[[ SOURCE DATA, beginning ]]
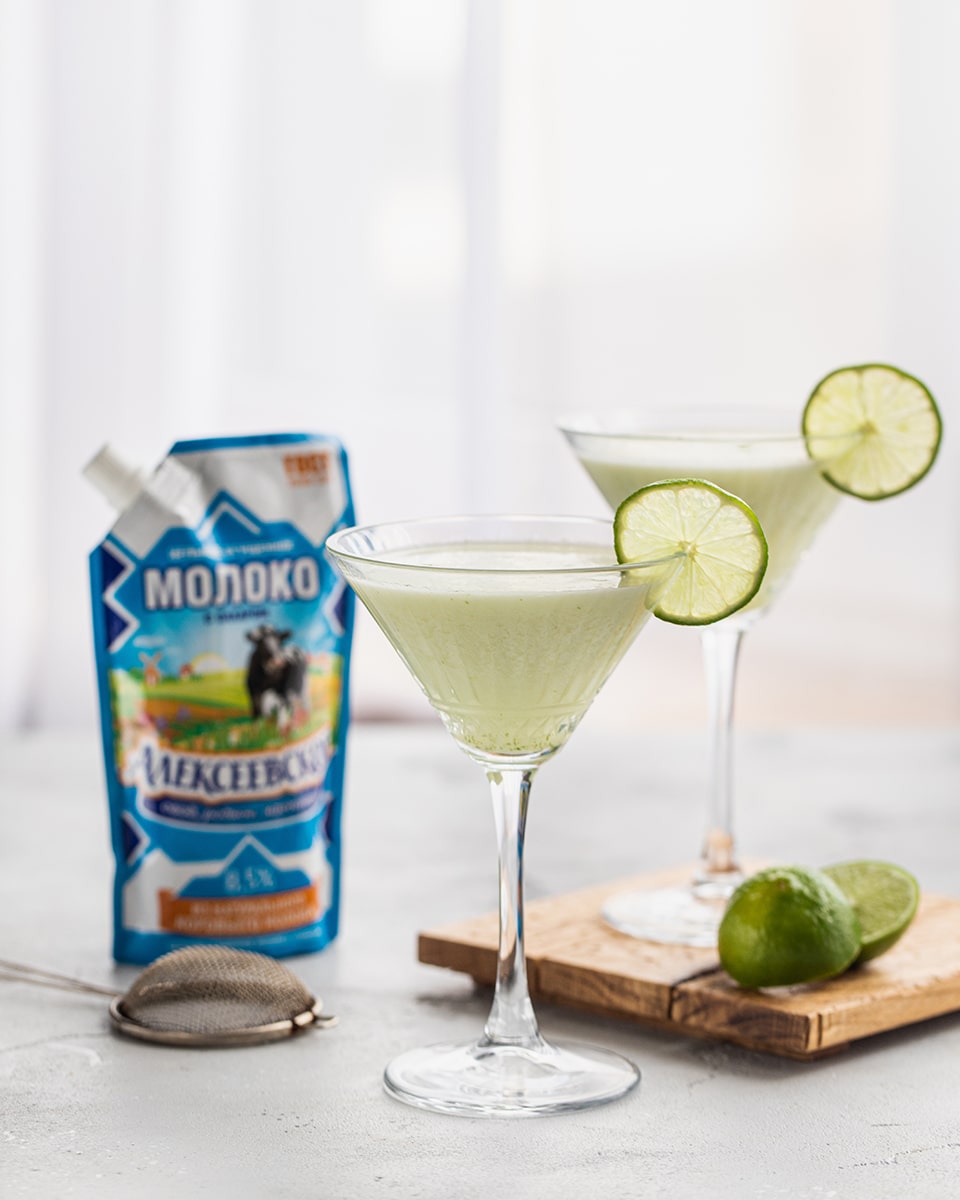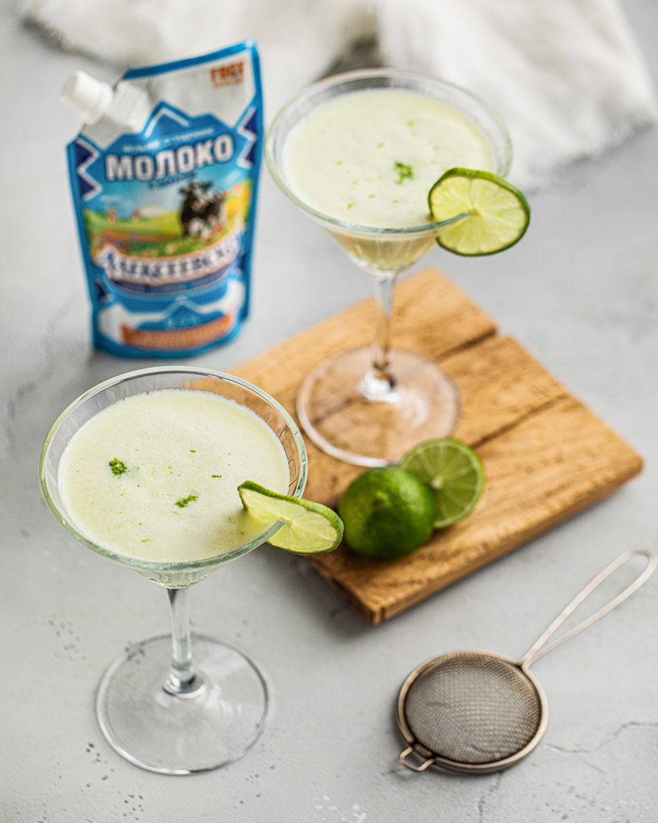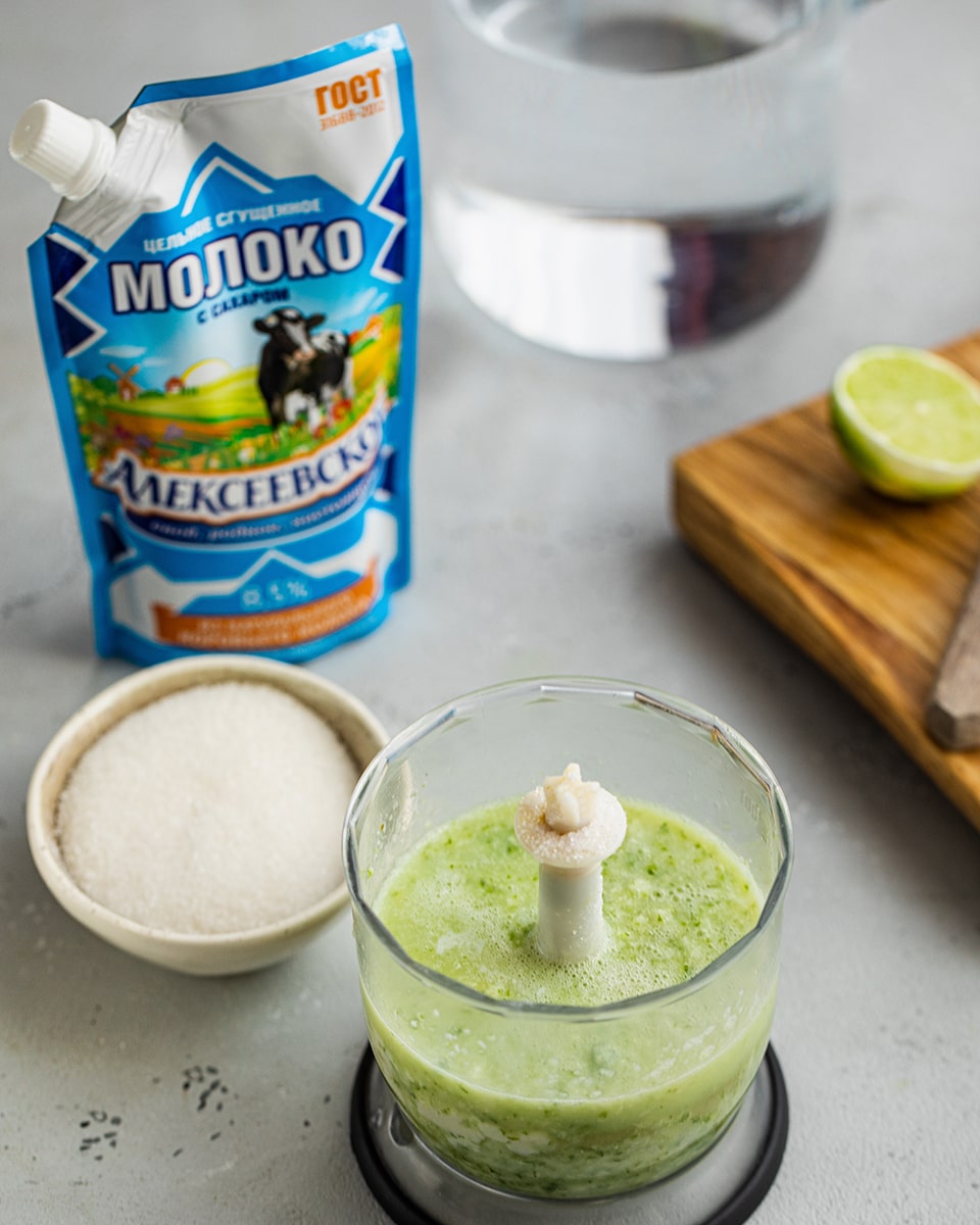 В стакане блендера соедините лаймы, сахар, сгущённое молоко и воду. Взбейте все ингредиенты блендером до однородности.
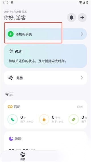 1、在fitbeing首页上,点击【添加新手标】。
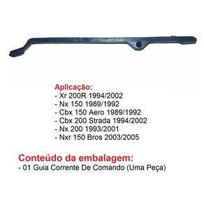 Guia Corrente De Comando Cbx 150 Aero Cbx 200 Nx 150 Nx 200 Características e Benefícios: - Guia Corrente De Comando tem a função de manter a corrente de distribuição alinhada evitando as vibrações do sistema e o desgaste da corrente. Aplicação; - Xr 200R 1994/2002 - Nx 150 1989/1992 - Cbx 150 Aero 1989/1992 - Cbx 200 Strada 1994/2002 - Nx 200 1993/2001 - Nxr 150 Bros 2003/2005 Conteúdo da embalagem: - 01 Guia Corrente De Comando Uma Peça Marca: - THL
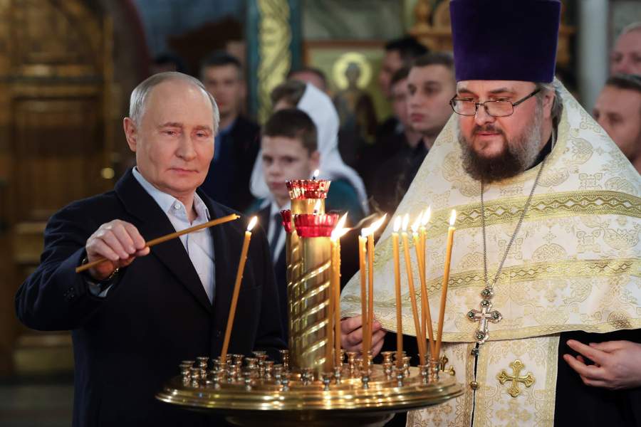 Президент РФ Владимир Путин во время рождественского богослужения в храме великомученника Георгия Победоносца на Поклонной горе
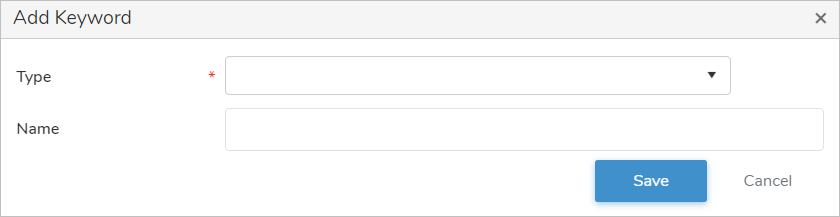 •Type*: Type the first character or click the arrow to display a list, then use the scroll bar to move up or down to find and select the desired type of keyword.
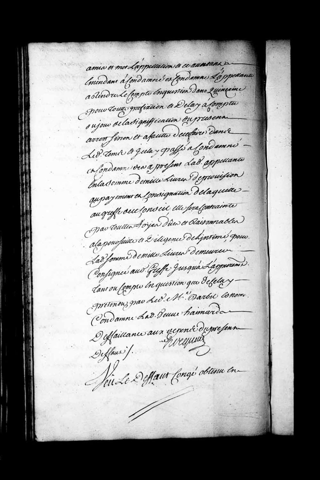 - Appel mis à néant de la sentence rendue en la Prévôté de Québec, le 13 septembre 1735, à l'égard de la veuve Haimard (Aymard), dans la cause de Simon Haimard (Aymard) (Aymard), marchand cartier (cartes à jouer), contre Jacques Barbel, curateur à la succession vacante de Charles Aubert de la Chesnaye. Il est ordonné que la veuve Haimard (Aymard) rendra compte, dès à présent, par bref état au dit appelant, de la gestion en question
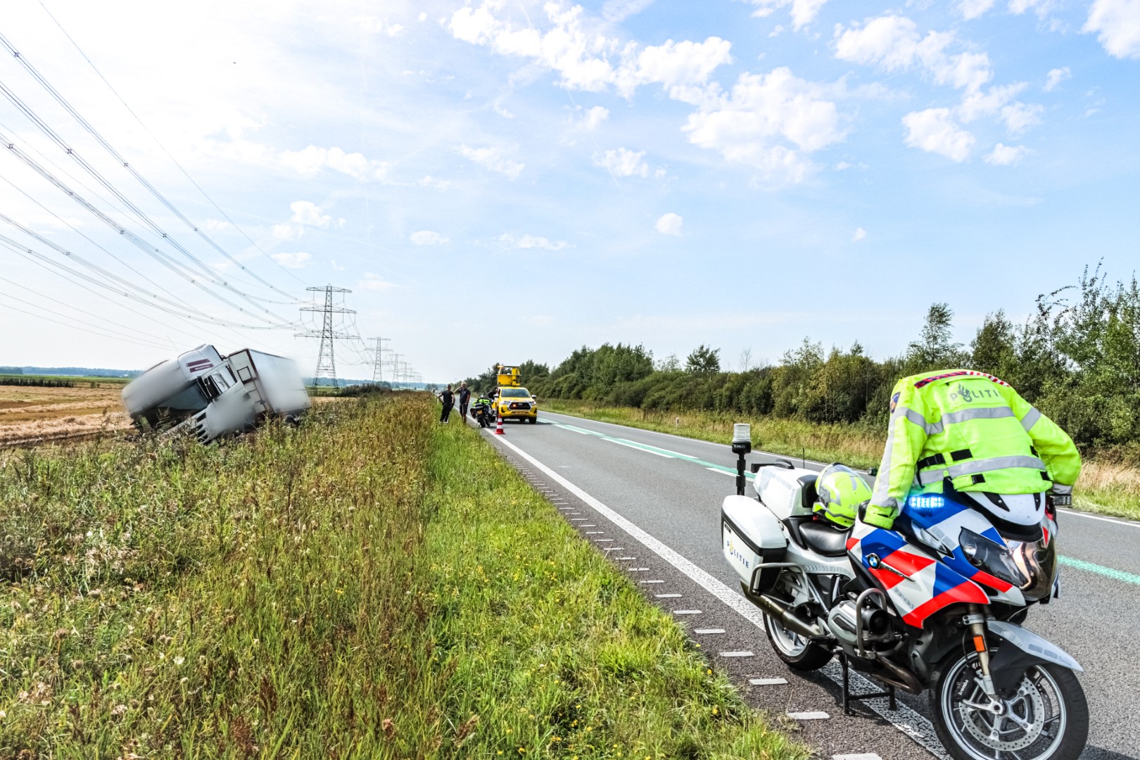 Politie en een ambulance kwamen met spoed ter plekke. De vrachtwagen kwam door nog onbekende oorzaak in de greppel terecht. De chauffeur raakte hierbij niet gewond. Wel is hij kort onderzocht door het ambulancepersoneel op verwondingen. De vrachtwagen zal worden geborgen door een bergingsbedrijf.
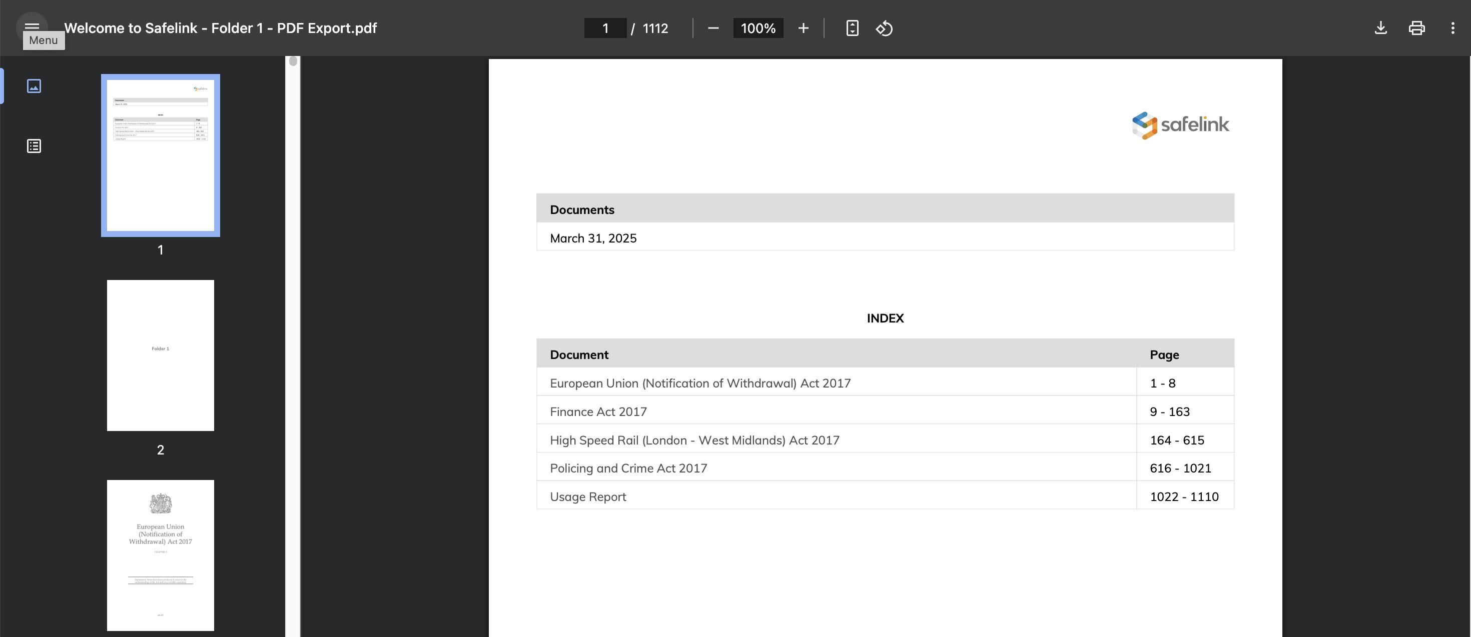 Safelink can build a single PDF file containing all the documents in a folder. You can add an index page and number the pages. Make sure you have folder admin permissions enabled to download folders and documents.
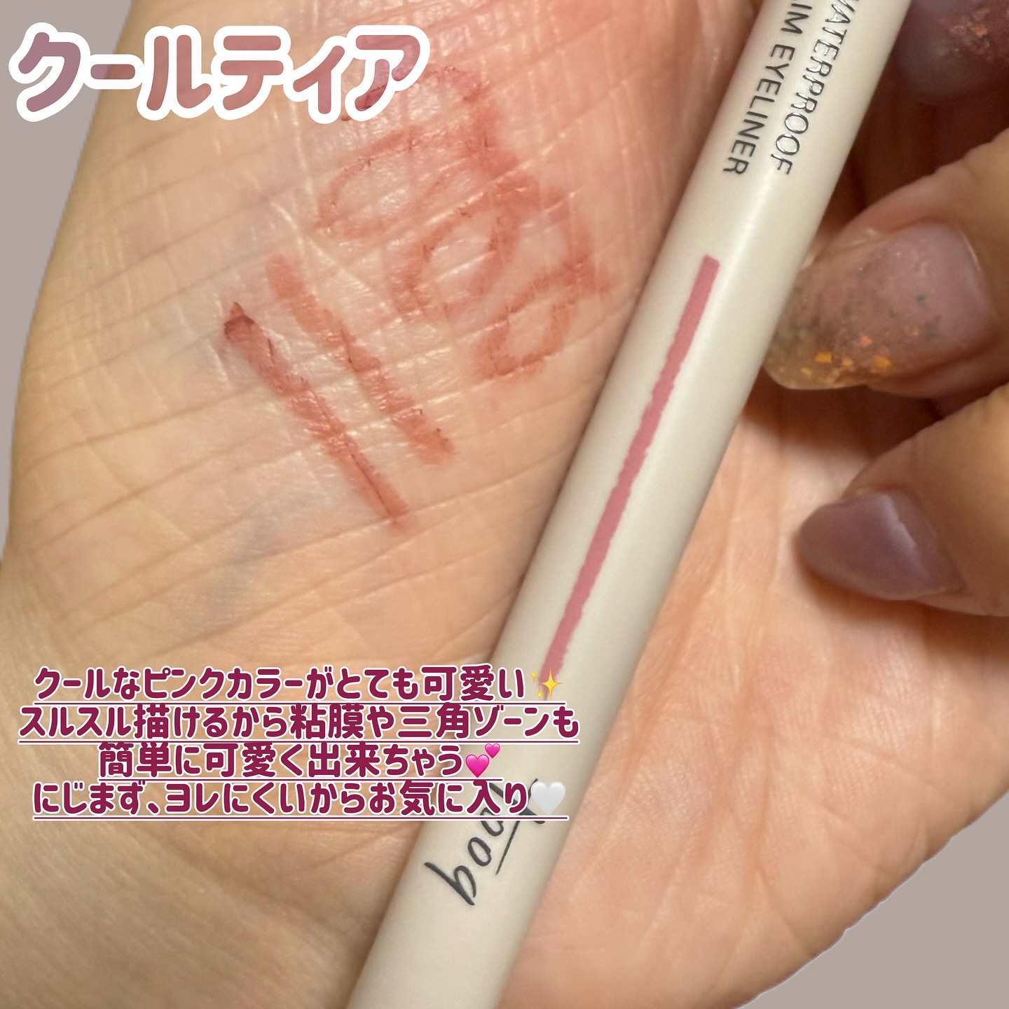 トゥークウォータープルーフスリムアイライナー・桃花サルモン・クールティア✼••┈┈••✼••┈┈••✼••┈┈••✼••┈┈••✼中顔面を短く見せる「涙袋メイク・下まぶたメイク」に最適な設計💡多彩なカラーバリエーションでパーソナルカラー対応で...
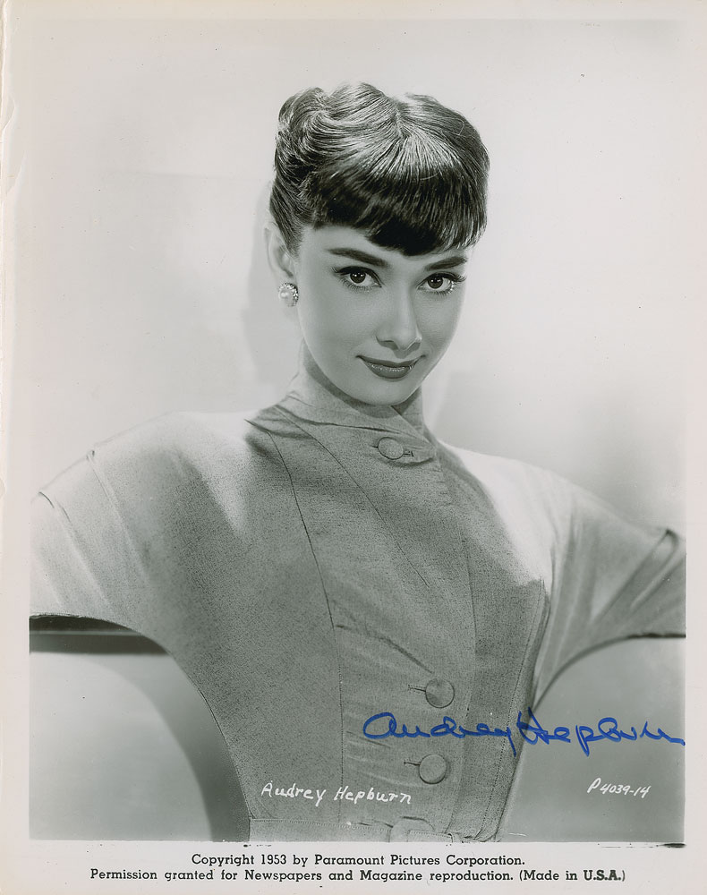 Very desirable glossy 8 x 10 promotional photo of Audrey Hepburn for Paramount Pictures in 1953, signed in blue felt tip. In fine condition, with scattered light creasing.
[[ SOURCE DATA, end ]]
## [DIRECTIONS]
Output exactly the lines from the line with "Президент РФ Владимир" to the last line of the records, including both, and leave every picture out.

## [OUTPUT OF THE EXERCISE]
 Президент РФ Владимир Путин во время рождественского богослужения в храме великомученника Георгия Победоносца на Поклонной горе
 •Type*: Type the first character or click the arrow to display a list, then use the scroll bar to move up or down to find and select the desired type of keyword.
 - Appel mis à néant de la sentence rendue en la Prévôté de Québec, le 13 septembre 1735, à l'égard de la veuve Haimard (Aymard), dans la cause de Simon Haimard (Aymard) (Aymard), marchand cartier (cartes à jouer), contre Jacques Barbel, curateur à la succession vacante de Charles Aubert de la Chesnaye. Il est ordonné que la veuve Haimard (Aymard) rendra compte, dès à présent, par bref état au dit appelant, de la gestion en question
 Politie en een ambulance kwamen met spoed ter plekke. De vrachtwagen kwam door nog onbekende oorzaak in de greppel terecht. De chauffeur raakte hierbij niet gewond. Wel is hij kort onderzocht door het ambulancepersoneel op verwondingen. De vrachtwagen zal worden geborgen door een bergingsbedrijf.
 Safelink can build a single PDF file containing all the documents in a folder. You can add an index page and number the pages. Make sure you have folder admin permissions enabled to download folders and documents.
 トゥークウォータープルーフスリムアイライナー・桃花サルモン・クールティア✼••┈┈••✼••┈┈••✼••┈┈••✼••┈┈••✼中顔面を短く見せる「涙袋メイク・下まぶたメイク」に最適な設計💡多彩なカラーバリエーションでパーソナルカラー対応で...
 Very desirable glossy 8 x 10 promotional photo of Audrey Hepburn for Paramount Pictures in 1953, signed in blue felt tip. In fine condition, with scattered light creasing.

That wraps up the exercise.